Will you write out the data exactly, excluding every picture?

(Beginning of INFORMATION SHOWN)

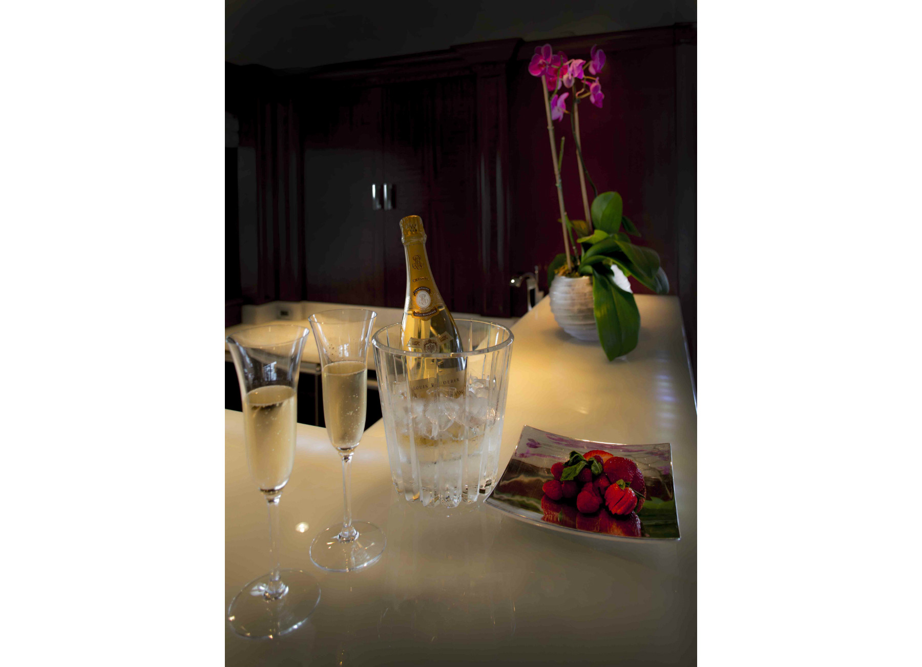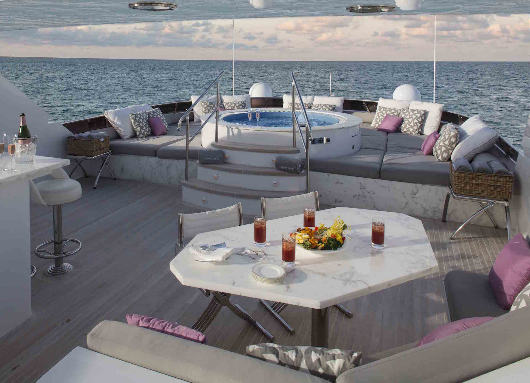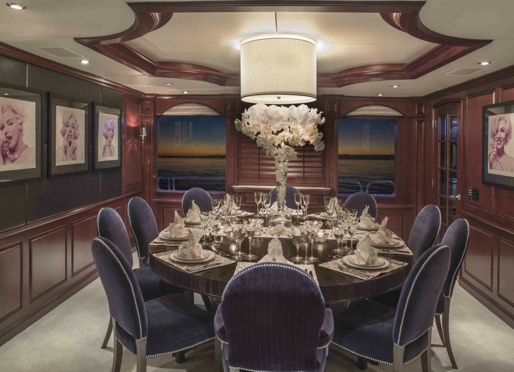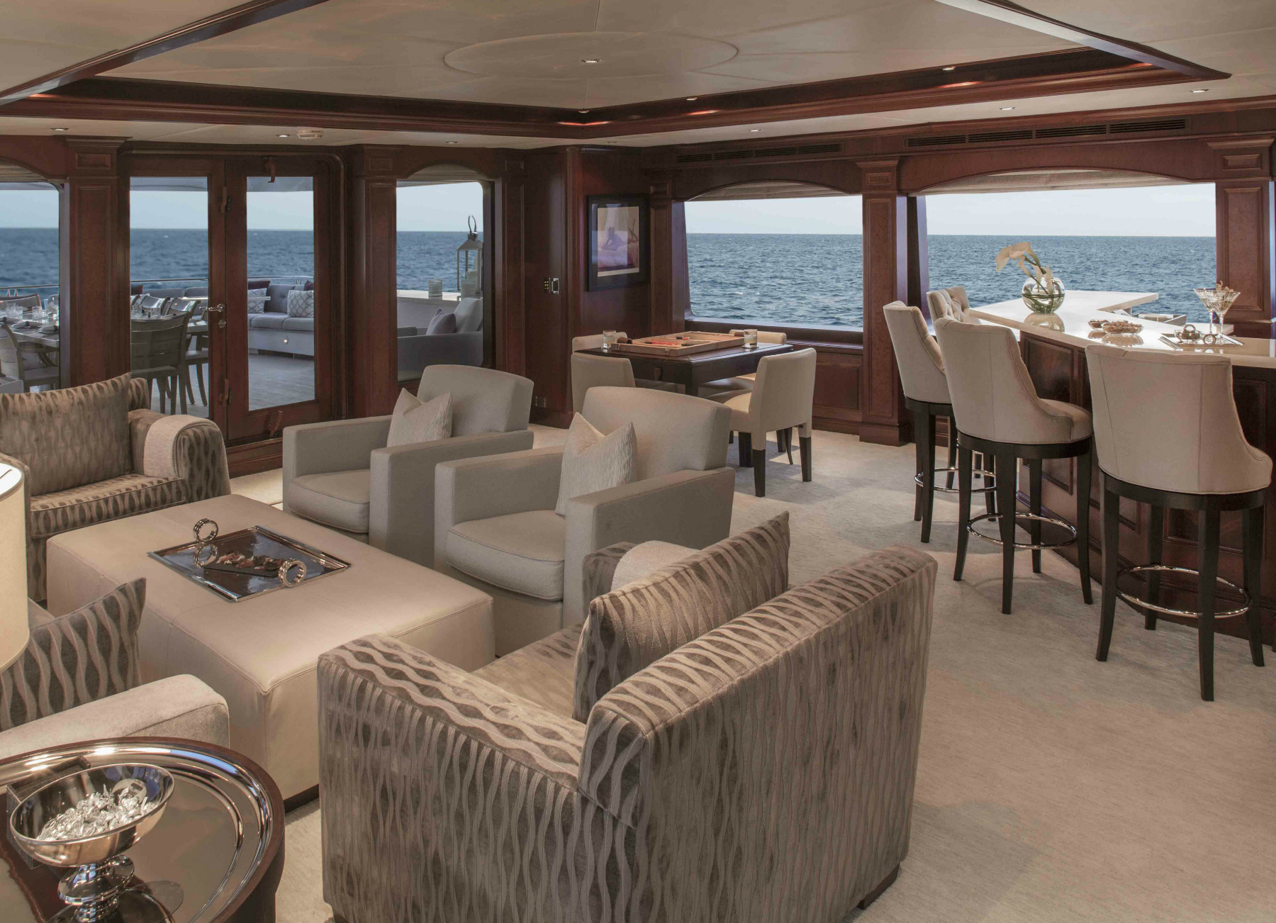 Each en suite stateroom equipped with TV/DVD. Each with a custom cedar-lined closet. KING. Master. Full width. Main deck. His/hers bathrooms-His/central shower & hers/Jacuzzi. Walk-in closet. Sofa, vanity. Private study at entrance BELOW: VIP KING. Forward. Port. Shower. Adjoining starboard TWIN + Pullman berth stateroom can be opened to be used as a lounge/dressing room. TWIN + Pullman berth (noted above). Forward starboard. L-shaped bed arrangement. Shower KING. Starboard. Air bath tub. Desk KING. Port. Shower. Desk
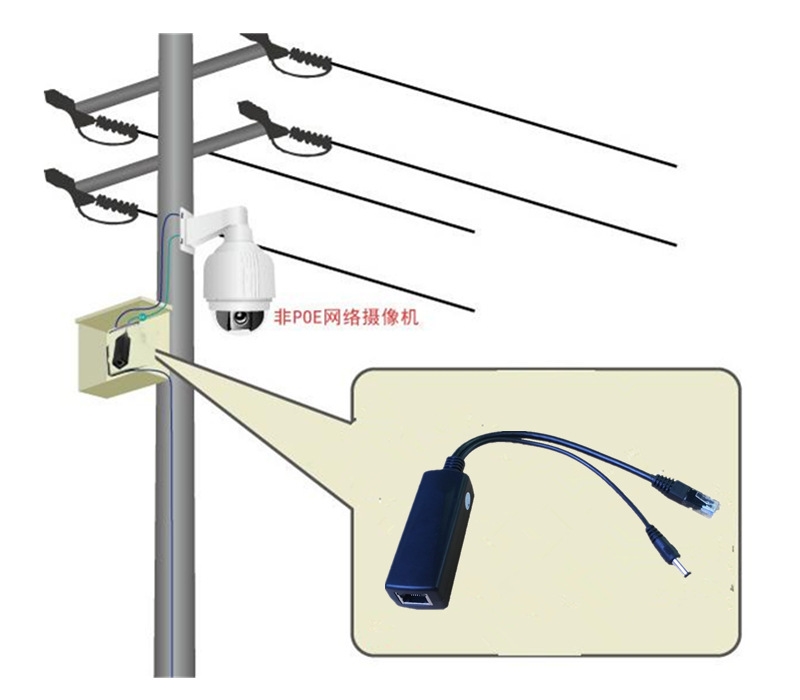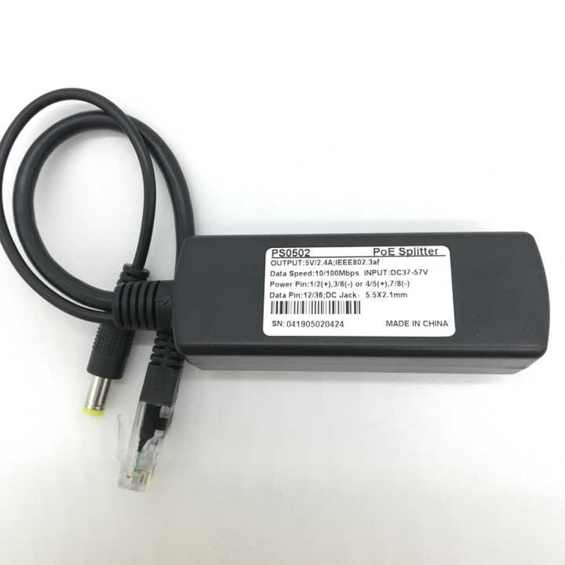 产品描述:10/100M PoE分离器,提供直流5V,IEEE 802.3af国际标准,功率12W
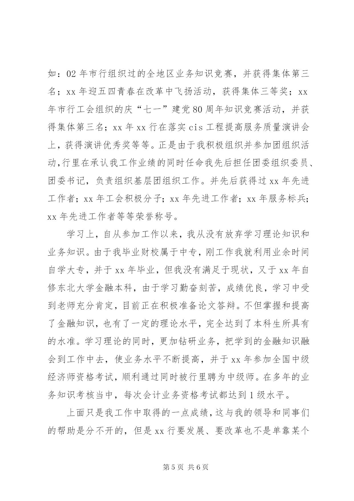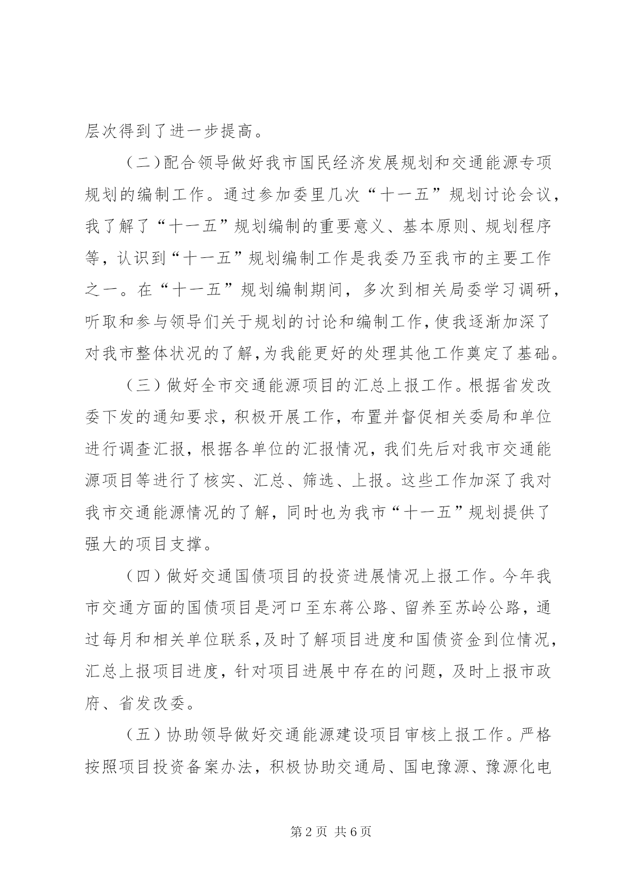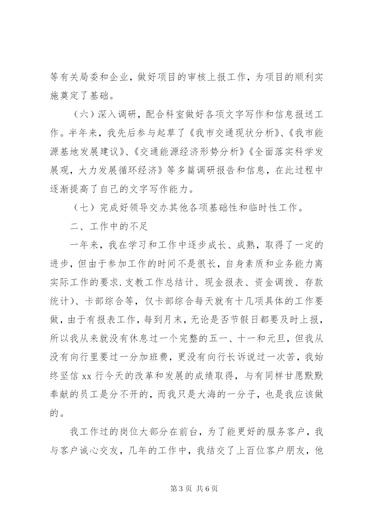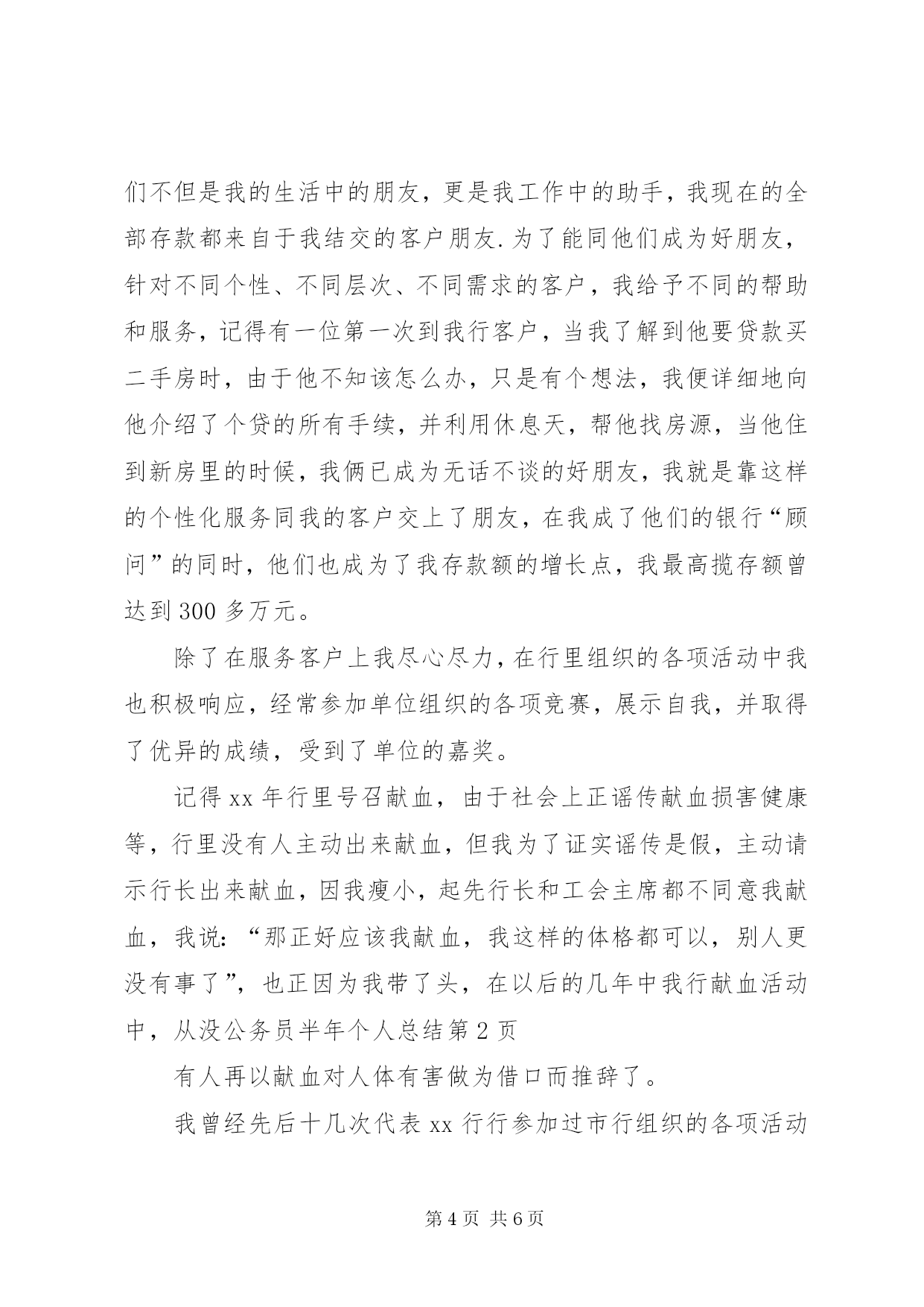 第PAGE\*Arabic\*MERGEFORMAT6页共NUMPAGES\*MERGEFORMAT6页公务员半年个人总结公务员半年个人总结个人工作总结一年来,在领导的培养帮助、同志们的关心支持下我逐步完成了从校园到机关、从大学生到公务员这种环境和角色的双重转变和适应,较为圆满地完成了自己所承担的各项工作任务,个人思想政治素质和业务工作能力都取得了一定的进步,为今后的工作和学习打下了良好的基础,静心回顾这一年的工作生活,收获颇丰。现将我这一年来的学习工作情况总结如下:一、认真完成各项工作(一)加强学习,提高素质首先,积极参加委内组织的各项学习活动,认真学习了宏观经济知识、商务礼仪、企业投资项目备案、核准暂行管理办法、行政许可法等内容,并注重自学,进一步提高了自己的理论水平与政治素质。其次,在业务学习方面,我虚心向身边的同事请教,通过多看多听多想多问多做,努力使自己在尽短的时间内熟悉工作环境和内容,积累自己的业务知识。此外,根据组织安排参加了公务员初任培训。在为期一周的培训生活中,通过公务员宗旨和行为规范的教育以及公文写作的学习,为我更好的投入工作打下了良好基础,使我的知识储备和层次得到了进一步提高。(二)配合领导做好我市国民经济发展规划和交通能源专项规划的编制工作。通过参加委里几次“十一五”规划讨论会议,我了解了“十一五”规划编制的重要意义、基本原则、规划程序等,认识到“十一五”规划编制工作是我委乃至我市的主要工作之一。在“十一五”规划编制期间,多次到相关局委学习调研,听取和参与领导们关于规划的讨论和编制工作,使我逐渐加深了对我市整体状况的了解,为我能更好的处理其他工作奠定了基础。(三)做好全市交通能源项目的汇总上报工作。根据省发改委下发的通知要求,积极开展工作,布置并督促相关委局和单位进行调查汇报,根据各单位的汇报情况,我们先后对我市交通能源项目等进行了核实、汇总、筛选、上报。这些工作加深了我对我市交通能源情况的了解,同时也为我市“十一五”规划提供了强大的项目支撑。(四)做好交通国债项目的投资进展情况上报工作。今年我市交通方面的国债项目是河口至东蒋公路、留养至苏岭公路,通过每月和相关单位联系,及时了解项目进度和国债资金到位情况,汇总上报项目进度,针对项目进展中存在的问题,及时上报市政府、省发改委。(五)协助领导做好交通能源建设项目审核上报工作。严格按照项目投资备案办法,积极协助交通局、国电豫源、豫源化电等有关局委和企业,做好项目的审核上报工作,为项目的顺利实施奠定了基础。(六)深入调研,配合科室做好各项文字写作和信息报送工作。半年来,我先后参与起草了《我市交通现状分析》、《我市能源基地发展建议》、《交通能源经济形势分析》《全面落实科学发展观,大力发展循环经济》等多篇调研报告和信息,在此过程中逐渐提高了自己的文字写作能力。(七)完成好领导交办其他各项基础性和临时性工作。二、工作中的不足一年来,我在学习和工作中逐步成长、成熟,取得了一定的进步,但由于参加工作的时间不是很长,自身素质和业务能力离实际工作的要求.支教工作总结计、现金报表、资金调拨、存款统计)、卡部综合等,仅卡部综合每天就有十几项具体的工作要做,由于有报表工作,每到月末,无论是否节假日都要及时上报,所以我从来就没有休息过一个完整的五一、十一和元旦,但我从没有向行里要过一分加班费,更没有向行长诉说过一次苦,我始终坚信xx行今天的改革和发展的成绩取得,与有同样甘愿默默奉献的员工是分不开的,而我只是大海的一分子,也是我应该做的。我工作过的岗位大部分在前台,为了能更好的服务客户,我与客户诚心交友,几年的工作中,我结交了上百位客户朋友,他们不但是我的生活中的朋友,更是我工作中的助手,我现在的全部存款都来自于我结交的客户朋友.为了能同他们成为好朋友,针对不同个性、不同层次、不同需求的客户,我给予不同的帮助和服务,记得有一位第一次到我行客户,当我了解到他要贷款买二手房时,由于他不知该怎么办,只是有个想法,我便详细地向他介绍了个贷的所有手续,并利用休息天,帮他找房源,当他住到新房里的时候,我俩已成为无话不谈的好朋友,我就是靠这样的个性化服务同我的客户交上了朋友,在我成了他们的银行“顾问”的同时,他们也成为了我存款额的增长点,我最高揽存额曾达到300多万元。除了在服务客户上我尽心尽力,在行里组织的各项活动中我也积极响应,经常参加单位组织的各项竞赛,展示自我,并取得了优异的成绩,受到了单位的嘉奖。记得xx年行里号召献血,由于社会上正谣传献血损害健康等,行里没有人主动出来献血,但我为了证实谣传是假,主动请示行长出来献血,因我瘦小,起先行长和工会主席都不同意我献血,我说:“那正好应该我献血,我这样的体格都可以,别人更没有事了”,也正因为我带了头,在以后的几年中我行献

(End of INFORMATION SHOWN)

### [RESPONSE BOX]
 Each en suite stateroom equipped with TV/DVD. Each with a custom cedar-lined closet. KING. Master. Full width. Main deck. His/hers bathrooms-His/central shower & hers/Jacuzzi. Walk-in closet. Sofa, vanity. Private study at entrance BELOW: VIP KING. Forward. Port. Shower. Adjoining starboard TWIN + Pullman berth stateroom can be opened to be used as a lounge/dressing room. TWIN + Pullman berth (noted above). Forward starboard. L-shaped bed arrangement. Shower KING. Starboard. Air bath tub. Desk KING. Port. Shower. Desk
 产品描述:10/100M PoE分离器,提供直流5V,IEEE 802.3af国际标准,功率12W
 第PAGE\*Arabic\*MERGEFORMAT6页共NUMPAGES\*MERGEFORMAT6页公务员半年个人总结公务员半年个人总结个人工作总结一年来,在领导的培养帮助、同志们的关心支持下我逐步完成了从校园到机关、从大学生到公务员这种环境和角色的双重转变和适应,较为圆满地完成了自己所承担的各项工作任务,个人思想政治素质和业务工作能力都取得了一定的进步,为今后的工作和学习打下了良好的基础,静心回顾这一年的工作生活,收获颇丰。现将我这一年来的学习工作情况总结如下:一、认真完成各项工作(一)加强学习,提高素质首先,积极参加委内组织的各项学习活动,认真学习了宏观经济知识、商务礼仪、企业投资项目备案、核准暂行管理办法、行政许可法等内容,并注重自学,进一步提高了自己的理论水平与政治素质。其次,在业务学习方面,我虚心向身边的同事请教,通过多看多听多想多问多做,努力使自己在尽短的时间内熟悉工作环境和内容,积累自己的业务知识。此外,根据组织安排参加了公务员初任培训。在为期一周的培训生活中,通过公务员宗旨和行为规范的教育以及公文写作的学习,为我更好的投入工作打下了良好基础,使我的知识储备和层次得到了进一步提高。(二)配合领导做好我市国民经济发展规划和交通能源专项规划的编制工作。通过参加委里几次“十一五”规划讨论会议,我了解了“十一五”规划编制的重要意义、基本原则、规划程序等,认识到“十一五”规划编制工作是我委乃至我市的主要工作之一。在“十一五”规划编制期间,多次到相关局委学习调研,听取和参与领导们关于规划的讨论和编制工作,使我逐渐加深了对我市整体状况的了解,为我能更好的处理其他工作奠定了基础。(三)做好全市交通能源项目的汇总上报工作。根据省发改委下发的通知要求,积极开展工作,布置并督促相关委局和单位进行调查汇报,根据各单位的汇报情况,我们先后对我市交通能源项目等进行了核实、汇总、筛选、上报。这些工作加深了我对我市交通能源情况的了解,同时也为我市“十一五”规划提供了强大的项目支撑。(四)做好交通国债项目的投资进展情况上报工作。今年我市交通方面的国债项目是河口至东蒋公路、留养至苏岭公路,通过每月和相关单位联系,及时了解项目进度和国债资金到位情况,汇总上报项目进度,针对项目进展中存在的问题,及时上报市政府、省发改委。(五)协助领导做好交通能源建设项目审核上报工作。严格按照项目投资备案办法,积极协助交通局、国电豫源、豫源化电等有关局委和企业,做好项目的审核上报工作,为项目的顺利实施奠定了基础。(六)深入调研,配合科室做好各项文字写作和信息报送工作。半年来,我先后参与起草了《我市交通现状分析》、《我市能源基地发展建议》、《交通能源经济形势分析》《全面落实科学发展观,大力发展循环经济》等多篇调研报告和信息,在此过程中逐渐提高了自己的文字写作能力。(七)完成好领导交办其他各项基础性和临时性工作。二、工作中的不足一年来,我在学习和工作中逐步成长、成熟,取得了一定的进步,但由于参加工作的时间不是很长,自身素质和业务能力离实际工作的要求.支教工作总结计、现金报表、资金调拨、存款统计)、卡部综合等,仅卡部综合每天就有十几项具体的工作要做,由于有报表工作,每到月末,无论是否节假日都要及时上报,所以我从来就没有休息过一个完整的五一、十一和元旦,但我从没有向行里要过一分加班费,更没有向行长诉说过一次苦,我始终坚信xx行今天的改革和发展的成绩取得,与有同样甘愿默默奉献的员工是分不开的,而我只是大海的一分子,也是我应该做的。我工作过的岗位大部分在前台,为了能更好的服务客户,我与客户诚心交友,几年的工作中,我结交了上百位客户朋友,他们不但是我的生活中的朋友,更是我工作中的助手,我现在的全部存款都来自于我结交的客户朋友.为了能同他们成为好朋友,针对不同个性、不同层次、不同需求的客户,我给予不同的帮助和服务,记得有一位第一次到我行客户,当我了解到他要贷款买二手房时,由于他不知该怎么办,只是有个想法,我便详细地向他介绍了个贷的所有手续,并利用休息天,帮他找房源,当他住到新房里的时候,我俩已成为无话不谈的好朋友,我就是靠这样的个性化服务同我的客户交上了朋友,在我成了他们的银行“顾问”的同时,他们也成为了我存款额的增长点,我最高揽存额曾达到300多万元。除了在服务客户上我尽心尽力,在行里组织的各项活动中我也积极响应,经常参加单位组织的各项竞赛,展示自我,并取得了优异的成绩,受到了单位的嘉奖。记得xx年行里号召献血,由于社会上正谣传献血损害健康等,行里没有人主动出来献血,但我为了证实谣传是假,主动请示行长出来献血,因我瘦小,起先行长和工会主席都不同意我献血,我说:“那正好应该我献血,我这样的体格都可以,别人更没有事了”,也正因为我带了头,在以后的几年中我行献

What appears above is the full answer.